I've been dealing with issues of pain in my right arm, wrist, and hand for over 30 years. With this last flareup of Spondylolisthesis, I aggravated it all by supporting my body weight on canes and my walker. After the fact, I found out it is not a good idea to use the canes at all or the walker as a wheelchair, but the damage was already done. I could no longer do even simple self-care tasks using my right hand/arm.
Occupational therapy would hopefully assist with troubleshooting movement challenges with my arm and teach me other living skills I needed to learn. I had four somewhat productive visits.
First, Brian informed me that my manual wheelchair could be lowered so my feet touch flat on the floor. All this time I've had it (got it from a donated equipment room at the local hospital), I had no idea. No wonder I didn't like it very much. Lowered, I can use my comfy seat cushion and backrest as well as pull myself along with my feet... and because the chair has brakes, it is less risky (less of a fall risk) to use the wheelchair at home vs. transferring on and off office chairs on wheels.
I told Brian where it hurts on my right shoulder when I lift my arm. He explained how the nerves connect, checked the alignment of my collar bone and other structure, and observed that my shoulder was out of alignment due to weak scapula muscles and possibly a rib dislocation. He gave me an exercise with a band for pulling back and strengthening these muscles.
On another visit, I told him when I raise my arms to reach for something, I get pain in my arm. He asked me to show him how I reach. I reach with my palms down. He told me to always reach up
higher than my elbows with my thumbs up. Palms down rotates the (right) shoulder in and pinches nerves. I don't know if my arm will get better, but at least I know how not to make it worse.
We also discussed during the four visits the many kitchen tasks I was having trouble doing and what adaptive equipment I could get to achieve these tasks. One major one is cutting things. Another was when my right arm hurts a lot, I needed to be able to do everything with one arm. Don't one-armed people have adaptive equipment they use?
I have ordered this cutting board because the posts will secure something round like a bowl for mixing, a jar for opening, or food to cut up, is off to the side, and the board also has (not shown in this image) spokes to put food on to hold it in place so you can cut it:
|CLICK HERE TO VIEW OR BUY|
Out of the different types of knives available, I chose this one. I won't have to rotate my hand to grip it nor will I have to push down from above.
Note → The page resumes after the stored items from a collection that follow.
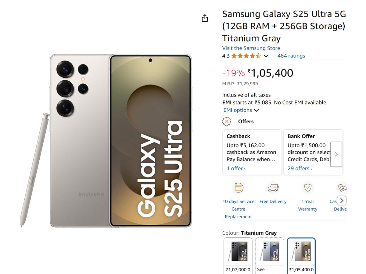 Buyers with an Amazon Pay ICICI Bank credit card can avail an additional cashback of Rs 3,162 on purchasing the Galaxy S25 Ultra.
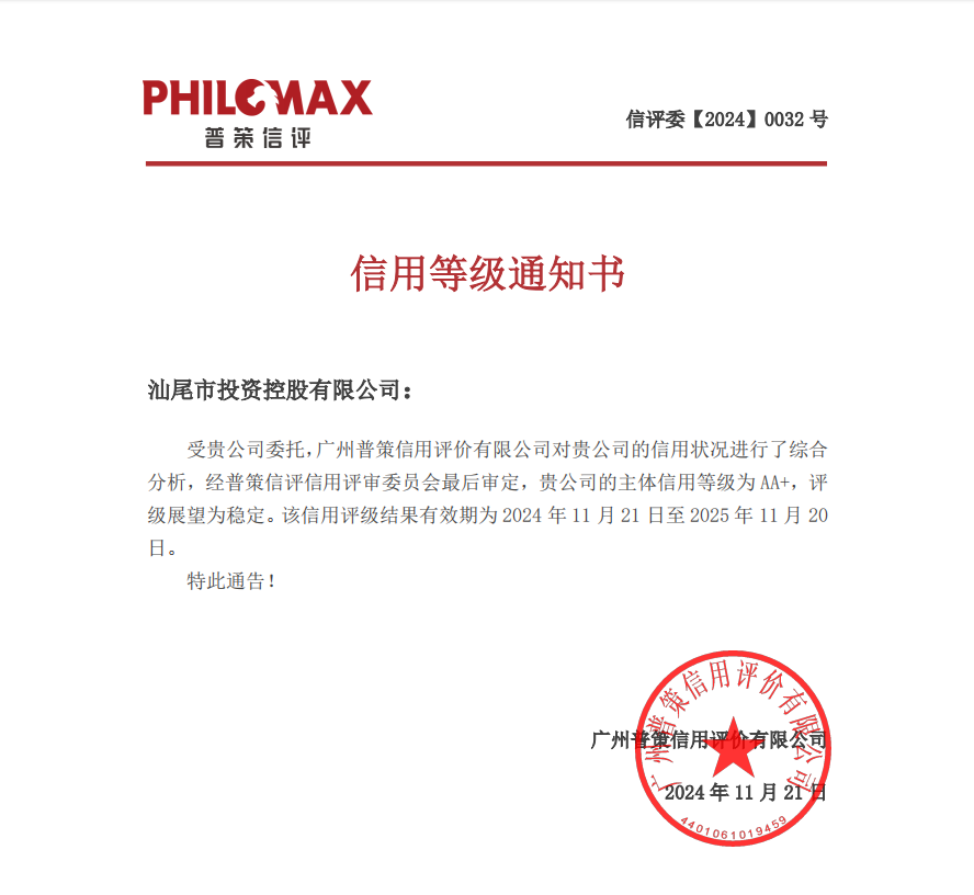 近日,經(jīng)廣州普策信用評(píng)價(jià)有限公司采用城市產(chǎn)業(yè)開(kāi)發(fā)運(yùn)營(yíng)企業(yè)評(píng)級(jí)模型綜合評(píng)定,汕尾市投資控股有限公司獲得主體信用AA+評(píng)級(jí),評(píng)級(jí)展望為穩(wěn)定,成為汕尾市首家獲得AA+信用評(píng)級(jí)的國(guó)有企業(yè)。 AA+主體信用評(píng)級(jí)是資本市場(chǎng)信用評(píng)級(jí)的重要分水嶺,也是國(guó)內(nèi)投資級(jí)和投機(jī)級(jí)的重要?jiǎng)澐謽?biāo)準(zhǔn)。此次獲得AA+主體信用評(píng)級(jí),既是資本市場(chǎng)對(duì)汕尾投控在市場(chǎng)競(jìng)爭(zhēng)力、運(yùn)營(yíng)能力和可持續(xù)發(fā)展能力等方面的認(rèn)可和肯定,也有利于提振汕尾資本市場(chǎng)形象,提升公司市場(chǎng)競(jìng)爭(zhēng)力和影響力,為加快實(shí)現(xiàn)公司高質(zhì)量發(fā)展提供更大規(guī)模、更多渠道、更低成本的資金支持。 展望未來(lái),公司將進(jìn)一步聚焦市委市政府重點(diǎn)工作部署和“4+X”主業(yè)主責(zé)、“5+1+N”業(yè)務(wù)板塊,充分發(fā)揮AA+主體信用評(píng)級(jí)優(yōu)勢(shì),牢牢把握市場(chǎng)機(jī)遇,不斷拓展融資渠道、降低融資成本、壯大資產(chǎn)規(guī)模,持續(xù)增強(qiáng)核心功能、提升核心競(jìng)爭(zhēng)力,全力打造“值得信賴(lài)的現(xiàn)代國(guó)企集團(tuán)”,為推動(dòng)汕尾經(jīng)濟(jì)社會(huì)高質(zhì)量發(fā)展貢獻(xiàn)更大力量。
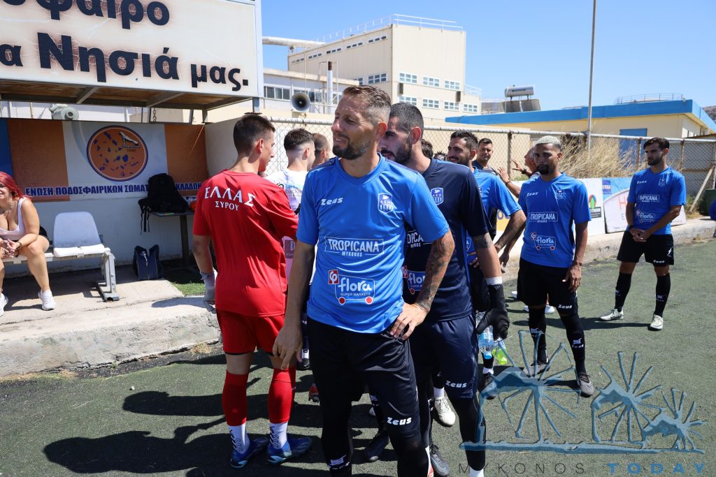 Η Ελλάς Σύρου έδειξε ανά διαστήματα να πρεσάρει τον αντίπαλο ψηλά στο γήπεδο καθώς θέλει να παίξει και φέτος παιχνίδια κατοχής. Από την άλλη πλευρά η Μύκονος σαφώς πιο βελτιωμένη από πέρσι έδειξε πως η χρονιά θα είναι αρκετά καλύτερη και η εικόνα της θα είναι αυτή των προηγούμενων ετών.
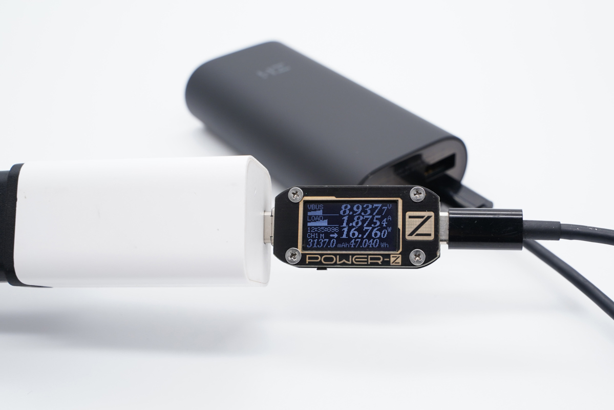 使用 PD 充電器通過(guò) USB-C 接口為充電寶充電,功率為 8.93V 1.87A 16.76W,充電寶支持快充輸入。
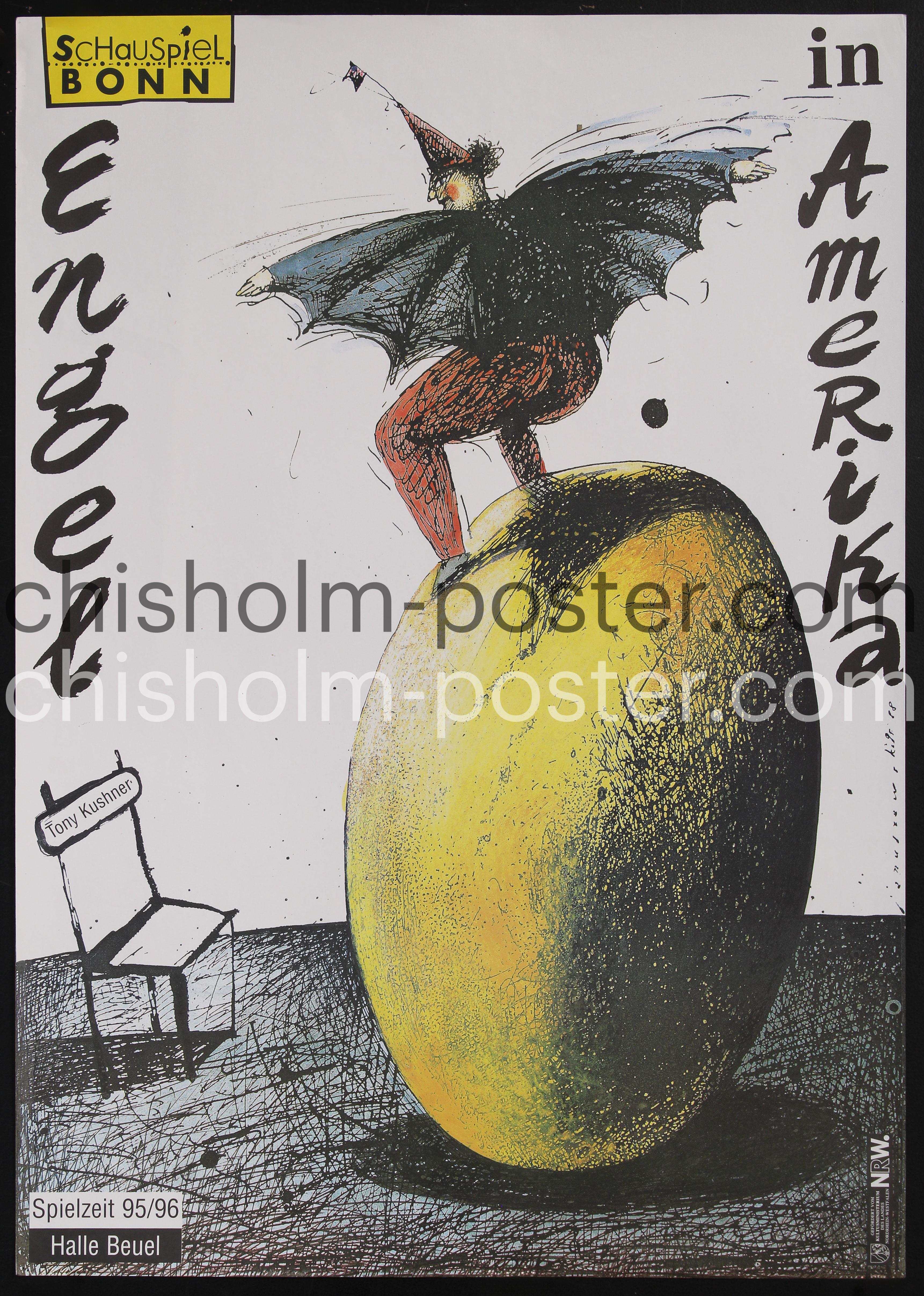Poster from a production from the 1995 / 96 season of Schauspiel Bonn of Angels in America: A Gay Fantasia on National Themes, a 1991 two-part play by American playwright Tony Kushner. Schauspiel Bonn is the drama division of Theater Bonn in Germany, featuring a permanent acting ensemble that produces a diverse repertoire of classical and modern plays.

|CLICK HERE TO VIEW OR BUY|
Note: Adaptive equipment is expensive because the manufacturers know people will pay more to have them. I balked at first, but then just ordered it all. I would really rather have someone who did all these tasks for me so I could save all my energy to do the exercises that will strengthen my body and do things I enjoy (like writing). Food prep, cooking, cleaning up after cooking, cleaning up the floor after cooking when I spill stuff, doing laundry, and cleaning, in general, have never been tasks I enjoy doing. Ask me to organize something, and I'll have some fun.
For more about how I adapted to trying to get the base on and off my Vitamix, go the previous blog post about Difficulty Swallowing.
An additional website Brian gave me (the one he looks for all his adaptive equipment on) is performancehealth.com.
And if I continue having trouble swallowing after 30 days on Proton Pump Inhibitors (PPIs), it may be a muscular issue. The GI doc had already told me this but couldn't tell me what to do about it. Brian told me speech therapists are trained to help with this. Thankfully, this same home health agency has speech therapists, too.
Postscript to the post Lessons from Physical Therapy: Tie a piece of stretch band to the outside of the door handle. Stretch band will not slip off like the last thing I tried. As I leave with the mobility scooter or wheelchair, pull the band over my shoulder which will close the door behind me.